***** DATA SUPPLIED

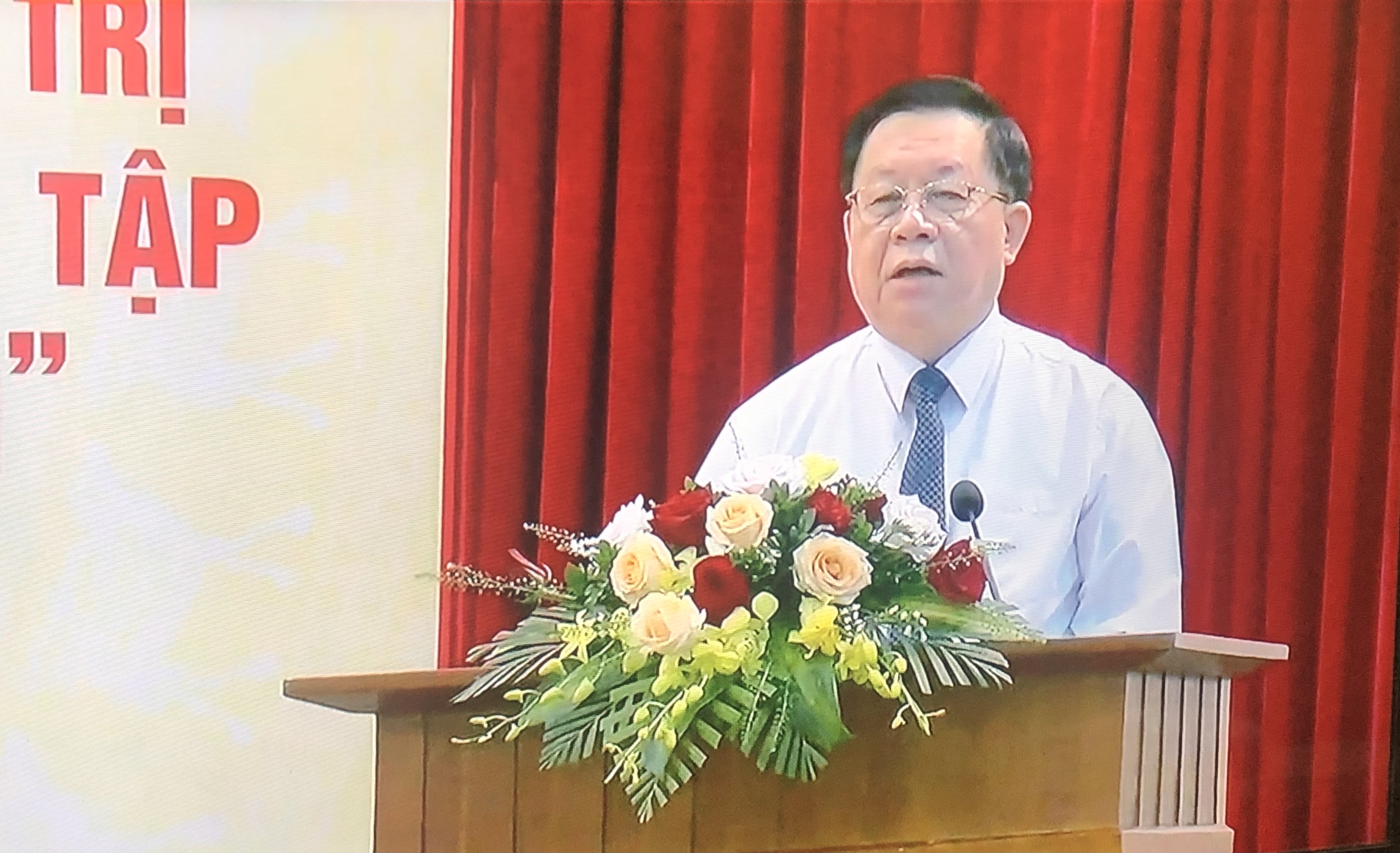Đồng chí Nguyễn Trọng Nghĩa, Bí thư Trung ương Đảng, Trưởng ban Tuyên giáo Trung ương dự và phát biểu chỉ đạo (Ảnh chụp màn hình).
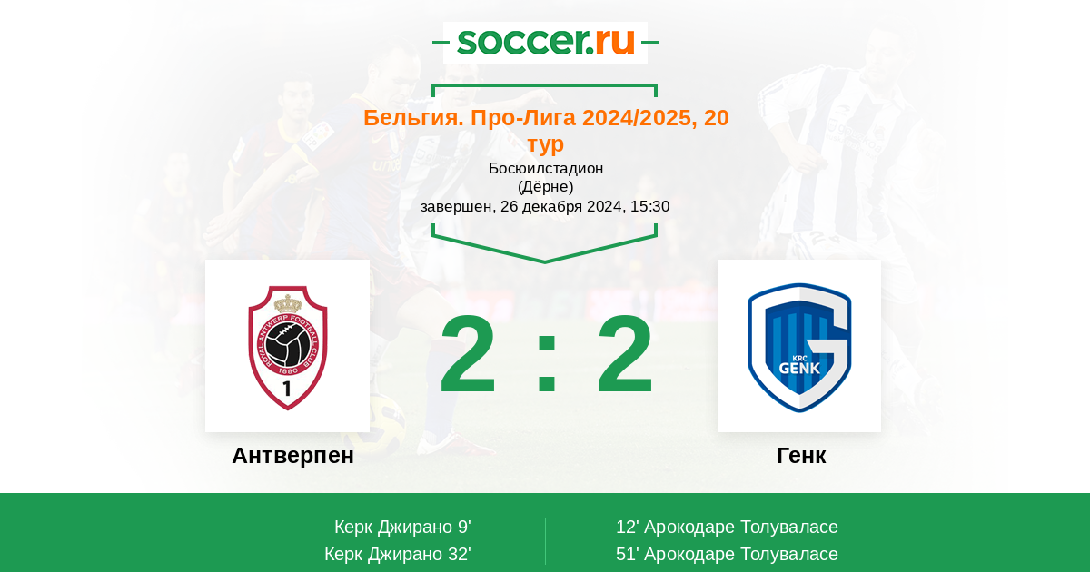 Предположу результативную ничью. Антверпен дома играет хорошо и сможет противостоять Генку, который на выезде играет не так результативно, как дома.
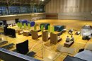 夕方には自治体持ち寄りの非常食を調理し、グループで食事。夜はコインシャワーでのシャワー体験も行われ、体育館での宿泊環境や睡眠の質を計測しました。
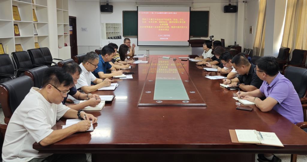 8月30日,按照学校学习宣传党的二十届三中全会精神学习班安排,围绕“党的二十届三中全会关于在经济、政治、文化、社会、生态文明、国家安全、国防和军队等方面改革部署”和“党的领导是进一步全面深化改革、推进中国式现代化的根本保证”两个内容,WANMEI.COM学习宣传党的二十届三中全会精神学习班组织开展第二次学习研讨。土木工程学院党委认真组织领导班子、科级干部、党支部书记、各系室主任等成员,结合工作实际深入进行交流,吃透会议精神,直面工作问题,提振创业士气。
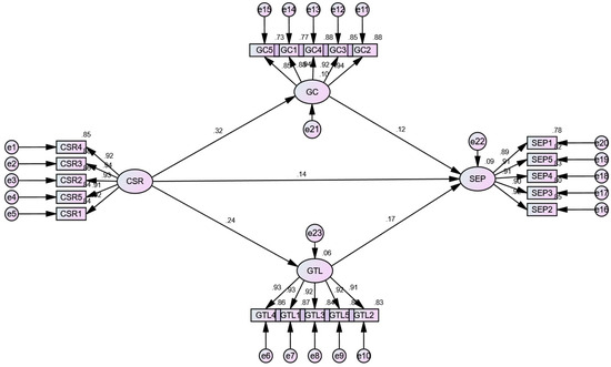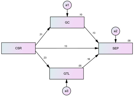 This study employed bootstrapping to evaluate the mediating effects within the model, following the guidelines established by Baron and Kenny [61]. Bootstrapping facilitates an indirect effect on the independent variable via a mediator. Table 7 demonstrates that the correlation between CSR and SEP is significantly mediated by both GC and GTL. The indirect effects are CSR→GC→SEP = 0.037 and CSR→GTL→SEP = 0.034, corroborating H6 and H7 in the bias-corrected model with a 95% confidence interval. Moreover, Table 7 demonstrates that the p-value for all indirect effects is below 0.05, and the lower and upper bounds of all mediations are positive, indicating that all relationships are statistically significant. Figure 4 illustrates the results of the pictorial mediation analysis.
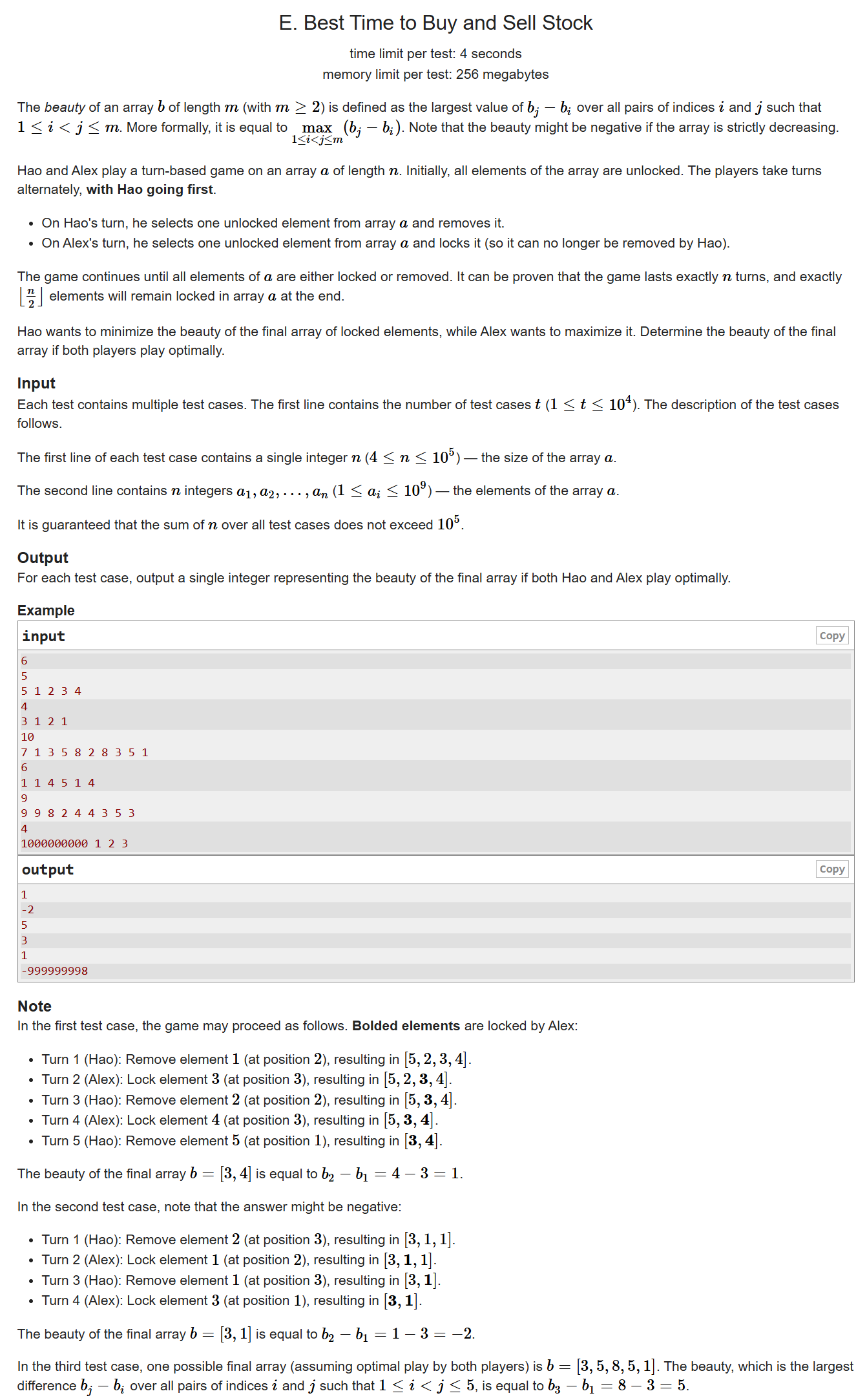 int n;bool check(ll x){for(int i=1;i<=n;i++)eg[i].clear();vector<PII>cun;for(int i=1;i<=n;i++){for(auto [val,id]:cun){if(a[i]-val>=x){eg[i].push_back(id);eg[id].push_back(i);}}cun.push_back({a[i],i});sort(cun.begin(),cun.end());if(cun.size()>3)cun.pop_back();} int cnt=0;for(int i=1;i<=n;i++)if(eg[i].size()>=2)cnt++;for(int i=1;i<=n;i++){int res=eg[i].size()>=2;for(auto v:eg[i]){if(eg[v].size()==2)res++;}if(res==cnt)return false;}return true;
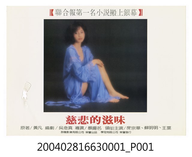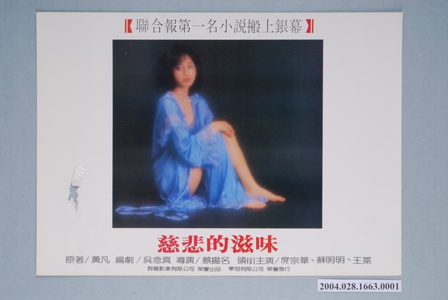 本件劇照上方搭配文案「聯合報第一名小說搬上銀幕」,下方則另有中文片名「慈悲的滋味」,以及「原著 / 黃凡。編劇 / 吳念真。導演 / 蔡揚名。領銜主演 / 庹宗華、蘇明明、王萊」,「群龍影業有限公司出品、學冠有限公司榮譽發行」等字樣。

**********

> **EXERCISE BRIEF**: Could the material above be given again in full and exactly, with its pictures left out?

> **EXERCISE SOLUTION**:
Đồng chí Nguyễn Trọng Nghĩa, Bí thư Trung ương Đảng, Trưởng ban Tuyên giáo Trung ương dự và phát biểu chỉ đạo (Ảnh chụp màn hình).
 Предположу результативную ничью. Антверпен дома играет хорошо и сможет противостоять Генку, который на выезде играет не так результативно, как дома.
 夕方には自治体持ち寄りの非常食を調理し、グループで食事。夜はコインシャワーでのシャワー体験も行われ、体育館での宿泊環境や睡眠の質を計測しました。
 8月30日,按照学校学习宣传党的二十届三中全会精神学习班安排,围绕“党的二十届三中全会关于在经济、政治、文化、社会、生态文明、国家安全、国防和军队等方面改革部署”和“党的领导是进一步全面深化改革、推进中国式现代化的根本保证”两个内容,WANMEI.COM学习宣传党的二十届三中全会精神学习班组织开展第二次学习研讨。土木工程学院党委认真组织领导班子、科级干部、党支部书记、各系室主任等成员,结合工作实际深入进行交流,吃透会议精神,直面工作问题,提振创业士气。
 This study employed bootstrapping to evaluate the mediating effects within the model, following the guidelines established by Baron and Kenny [61]. Bootstrapping facilitates an indirect effect on the independent variable via a mediator. Table 7 demonstrates that the correlation between CSR and SEP is significantly mediated by both GC and GTL. The indirect effects are CSR→GC→SEP = 0.037 and CSR→GTL→SEP = 0.034, corroborating H6 and H7 in the bias-corrected model with a 95% confidence interval. Moreover, Table 7 demonstrates that the p-value for all indirect effects is below 0.05, and the lower and upper bounds of all mediations are positive, indicating that all relationships are statistically significant. Figure 4 illustrates the results of the pictorial mediation analysis.
 int n;bool check(ll x){for(int i=1;i<=n;i++)eg[i].clear();vector<PII>cun;for(int i=1;i<=n;i++){for(auto [val,id]:cun){if(a[i]-val>=x){eg[i].push_back(id);eg[id].push_back(i);}}cun.push_back({a[i],i});sort(cun.begin(),cun.end());if(cun.size()>3)cun.pop_back();} int cnt=0;for(int i=1;i<=n;i++)if(eg[i].size()>=2)cnt++;for(int i=1;i<=n;i++){int res=eg[i].size()>=2;for(auto v:eg[i]){if(eg[v].size()==2)res++;}if(res==cnt)return false;}return true;
 本件劇照上方搭配文案「聯合報第一名小說搬上銀幕」,下方則另有中文片名「慈悲的滋味」,以及「原著 / 黃凡。編劇 / 吳念真。導演 / 蔡揚名。領銜主演 / 庹宗華、蘇明明、王萊」,「群龍影業有限公司出品、學冠有限公司榮譽發行」等字樣。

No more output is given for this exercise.